[Entries taken from a collection]
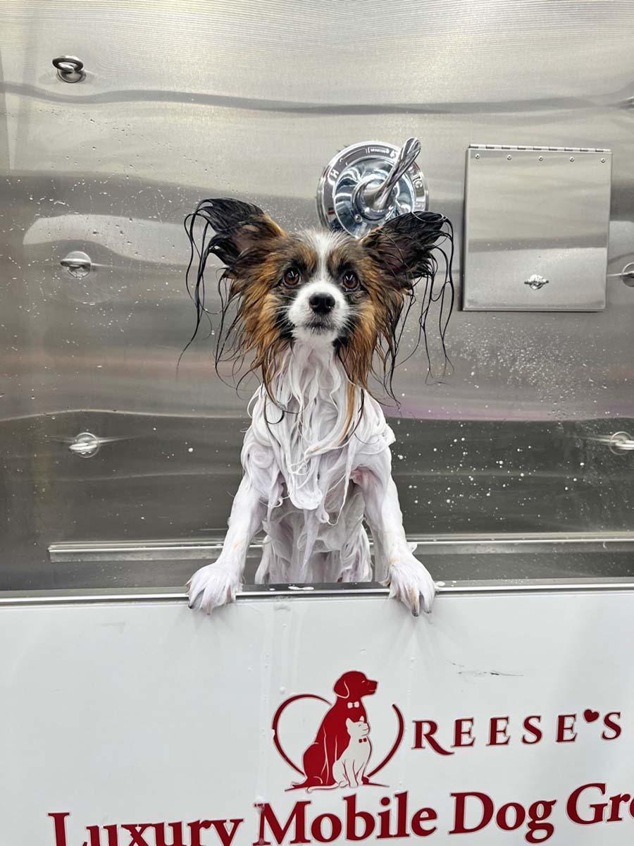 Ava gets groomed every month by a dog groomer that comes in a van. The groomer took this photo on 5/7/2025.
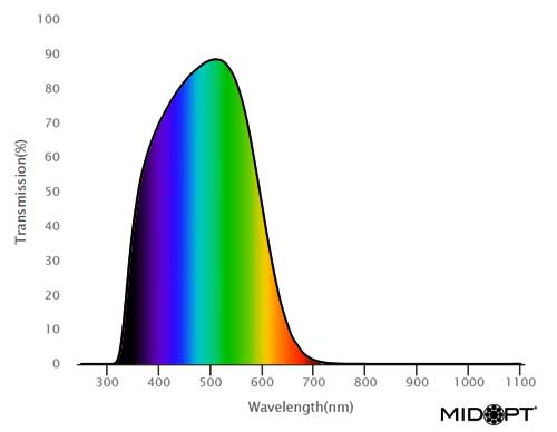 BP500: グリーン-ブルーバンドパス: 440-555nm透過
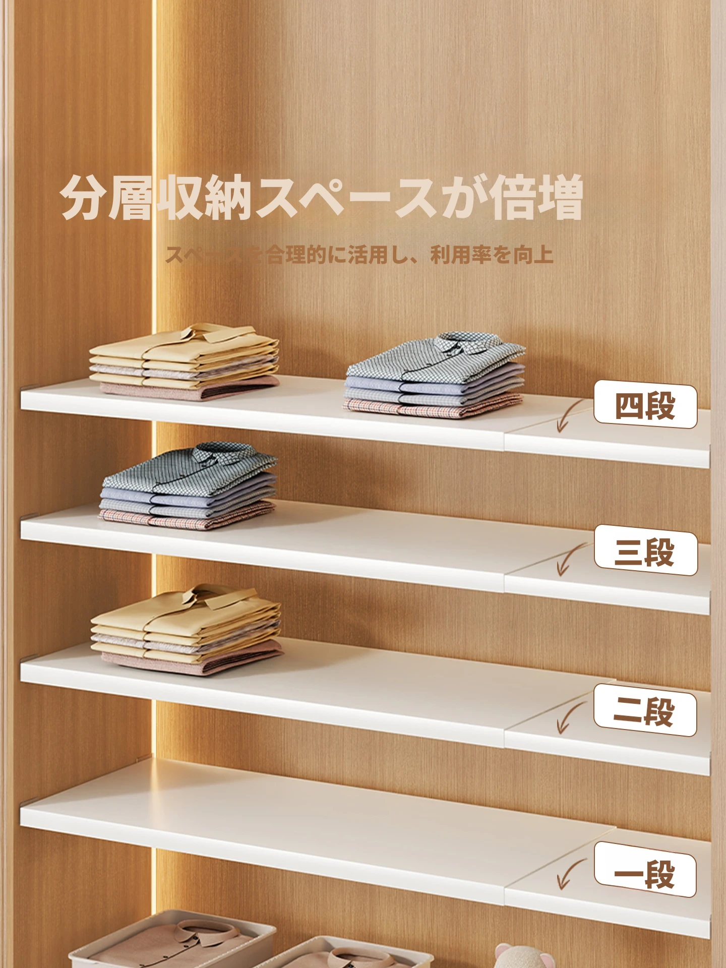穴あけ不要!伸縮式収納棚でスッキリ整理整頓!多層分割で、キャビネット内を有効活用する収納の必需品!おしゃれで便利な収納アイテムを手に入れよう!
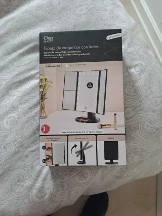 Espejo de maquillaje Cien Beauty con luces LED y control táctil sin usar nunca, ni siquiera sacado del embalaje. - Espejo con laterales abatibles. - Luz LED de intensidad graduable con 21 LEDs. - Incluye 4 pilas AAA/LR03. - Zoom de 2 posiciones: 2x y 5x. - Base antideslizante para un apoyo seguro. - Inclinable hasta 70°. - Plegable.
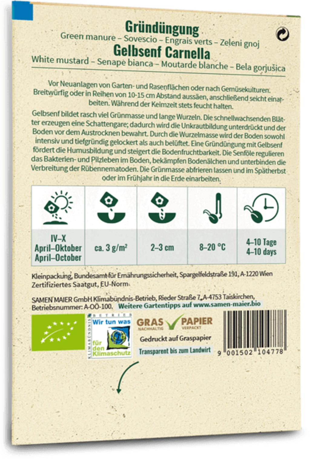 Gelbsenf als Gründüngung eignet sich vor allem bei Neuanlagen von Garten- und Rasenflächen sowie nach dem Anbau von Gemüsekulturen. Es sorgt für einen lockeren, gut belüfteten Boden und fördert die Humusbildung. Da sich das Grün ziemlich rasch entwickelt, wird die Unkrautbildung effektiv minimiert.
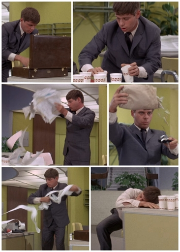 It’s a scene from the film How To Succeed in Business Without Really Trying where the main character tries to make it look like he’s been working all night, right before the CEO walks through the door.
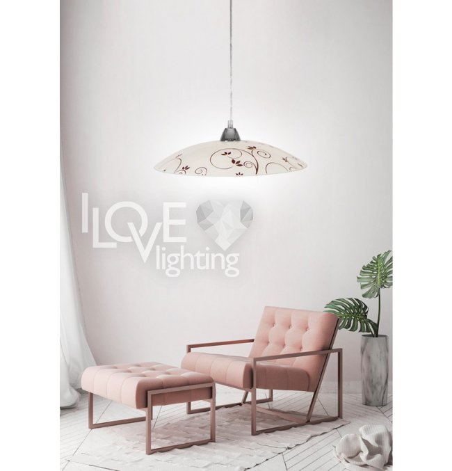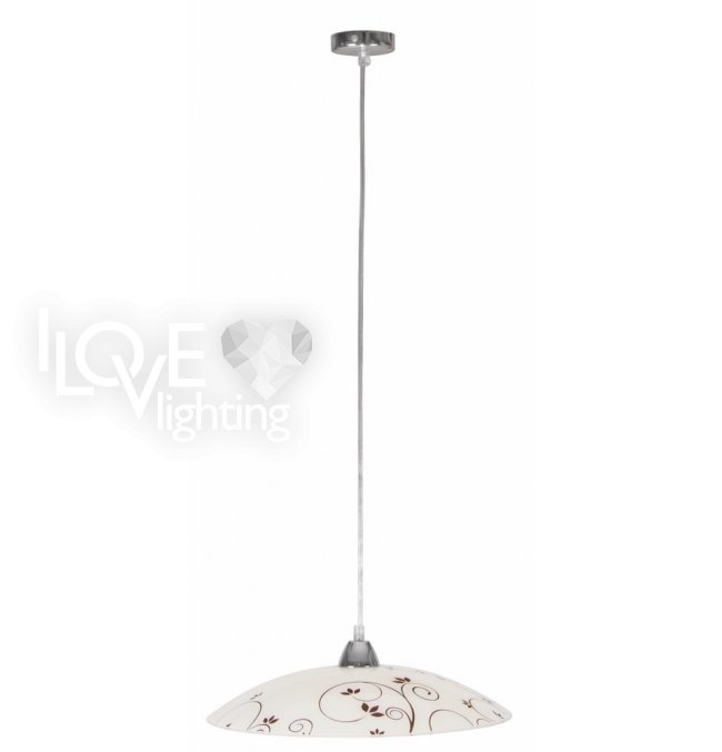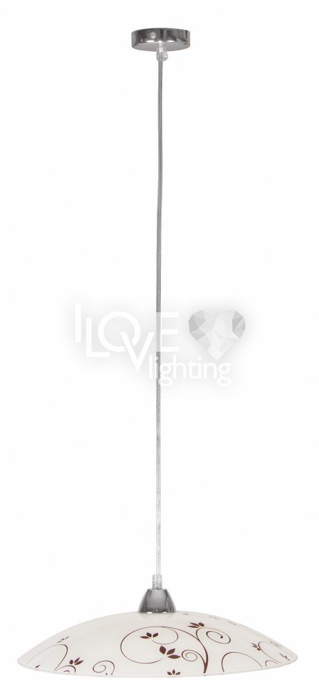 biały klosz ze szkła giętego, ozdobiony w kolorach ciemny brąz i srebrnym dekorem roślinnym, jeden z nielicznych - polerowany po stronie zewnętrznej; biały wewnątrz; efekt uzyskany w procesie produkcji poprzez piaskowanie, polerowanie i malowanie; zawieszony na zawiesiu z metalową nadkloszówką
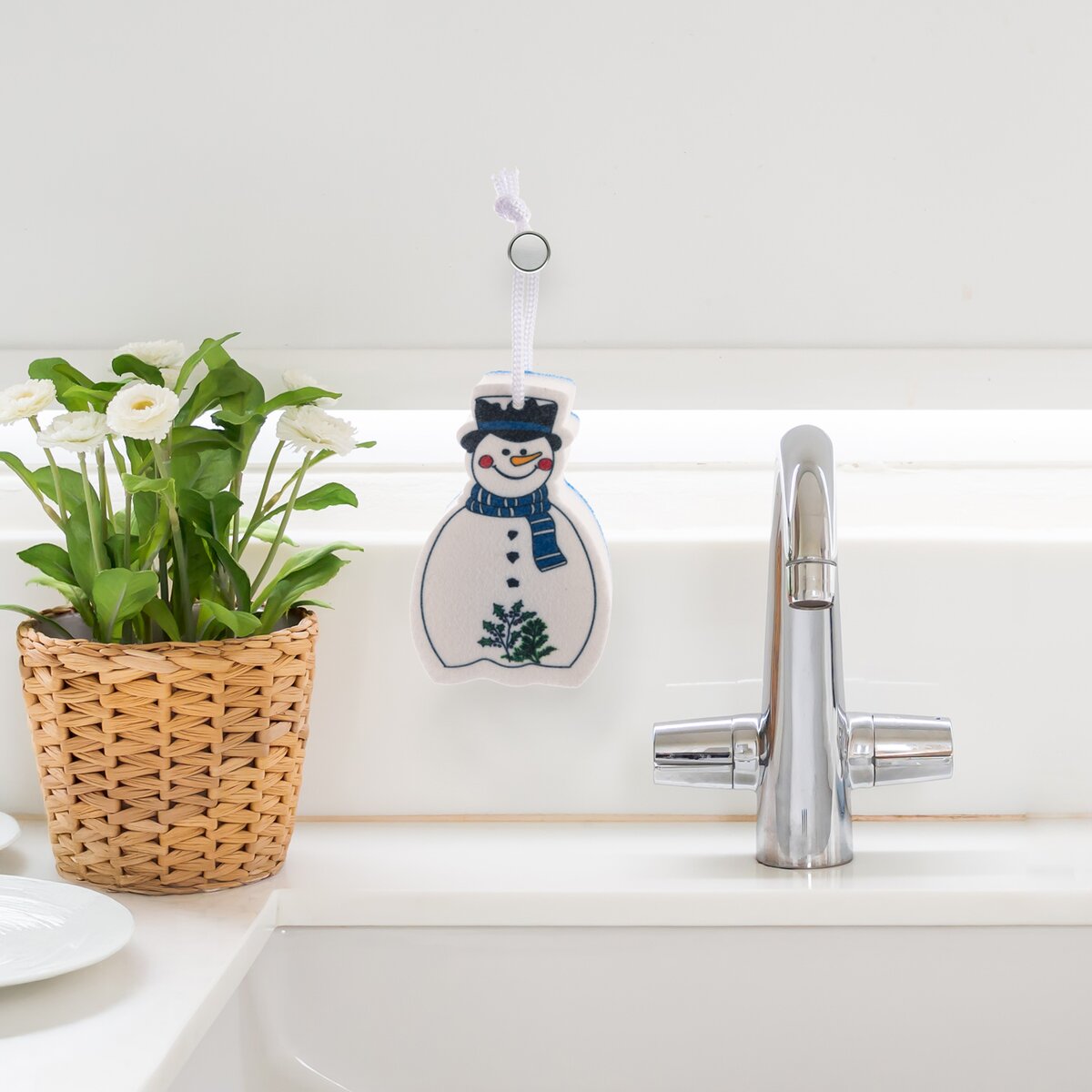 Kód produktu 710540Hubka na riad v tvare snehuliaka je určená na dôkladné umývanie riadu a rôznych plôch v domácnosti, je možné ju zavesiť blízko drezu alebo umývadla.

> [WHAT TO PRODUCE]
From the first line through the line with "Espejo de maquillaje", output those lines of the entries above exactly, and nothing else, with the pictures left out.

> [WRITTEN SOLUTION]
 Ava gets groomed every month by a dog groomer that comes in a van. The groomer took this photo on 5/7/2025.
 BP500: グリーン-ブルーバンドパス: 440-555nm透過
穴あけ不要!伸縮式収納棚でスッキリ整理整頓!多層分割で、キャビネット内を有効活用する収納の必需品!おしゃれで便利な収納アイテムを手に入れよう!
 Espejo de maquillaje Cien Beauty con luces LED y control táctil sin usar nunca, ni siquiera sacado del embalaje. - Espejo con laterales abatibles. - Luz LED de intensidad graduable con 21 LEDs. - Incluye 4 pilas AAA/LR03. - Zoom de 2 posiciones: 2x y 5x. - Base antideslizante para un apoyo seguro. - Inclinable hasta 70°. - Plegable.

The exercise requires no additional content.